You almost never get asked 'define LDC.' Instead, the exam hands you data and expects you to recognize the development gap behind it. The 2022 SAQ gave a table of urbanization indicators (percent urban, urban growth rate, access to safe drinking water) and asked for comparisons across countries at different development levels. The 2021 SAQ used the Global Cities Index, where you had to notice that top-ranked world cities cluster in developed countries. The 2023 SAQ on staple food crops connected agricultural production to development levels in hearth countries.

In MCQs, expect stems like 'Which characteristic is most typical of a less developed country?' with answers testing measures from Topic 7.3 (high fertility, large primary sector, low literacy). In FRQs, you need to do three things with the term. First, identify LDCs from data tables or maps. Second, explain why a pattern exists (e.g., why LDCs have higher urban growth rates or larger informal sectors). Third, connect across units, like linking subsistence agriculture or primate cities back to development level.

Less Developed Countries vs Newly Industrialized Countries (NICs)

NICs are countries actively transitioning out of LDC status through rapid manufacturing growth, like Mexico, Brazil, or historically South Korea. The difference is trajectory. An LDC still has a dominant primary sector and low HDI, while a NIC has attracted outsourced factory jobs and is climbing the development ladder (EK PSO-7.A.5). On the exam, if a question mentions special economic zones, export-processing zones, or growing manufacturing employment, it's pointing at NICs, not the poorest LDCs.

Key things to remember about Less Developed Countries

  • LDCs are defined by low scores on Topic 7.3 development measures, including GNI per capita, HDI, literacy rates, and access to health care, plus high fertility and infant mortality rates.

  • LDCs typically have a large primary sector and informal economy, while developed countries have economies dominated by services.

  • In world systems theory, LDCs are the periphery, supplying raw materials and low-wage labor to core countries through the international division of labor.

  • In Unit 5, LDCs are where subsistence and extensive farming practices like shifting cultivation and nomadic herding are still common.

  • In Unit 6, many LDCs feature primate cities and rapid urban population growth that outpaces infrastructure like safe drinking water and sanitation.

  • Outsourcing and neoliberal trade policies have shifted manufacturing jobs from core countries into newly industrialized countries and some LDCs, creating special economic zones and export-processing zones.
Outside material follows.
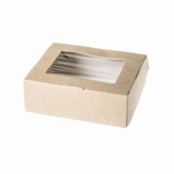 Контейнер из целлюлозного крафт-картона с окном. Размер: 100*80*35мм. Подходят для десертов, суши, роллов, фастфуда, "еды на вынос". Возможно использовать в СВЧ.

Frequently asked questions about Less Developed Countries

What is a less developed country in AP Human Geography?

An LDC is a country with low industrialization, low standards of living, and a low Human Development Index score. It typically has a large agricultural sector, high fertility and infant mortality rates, low literacy, and limited access to health care.

Is 'less developed country' the same as 'periphery'?

Mostly yes. In Wallerstein's world systems theory, periphery countries are the least developed nations that export raw materials and cheap labor to the core. 'LDC,' 'developing country,' and 'periphery' overlap heavily on the AP exam, though 'periphery' specifically signals world systems theory.

How is an LDC different from a newly industrialized country (NIC)?

A NIC, like Mexico or Brazil, is in the middle of industrializing and has attracted outsourced manufacturing jobs, often in special economic zones. An LDC is still dominated by the primary sector with a low HDI. NICs are essentially LDCs that are successfully climbing toward developed status.

Do all LDCs have weak economies in every sector?

No. Many LDCs have booming export sectors, like plantation agriculture or mining, tied into global commodity chains. The catch is that profits often flow to core countries, and most domestic workers stay in low-paying primary-sector or informal jobs, which keeps overall development measures low.

Why do LDCs often have primate cities?

Economic opportunity in many LDCs concentrates in one dominant city, often a colonial-era port or capital, pulling massive rural-to-urban migration toward it. The result is a primate city like Lagos or Bangkok that is far larger than the country's second city, breaking the rank-size rule you learn in Topic 6.4.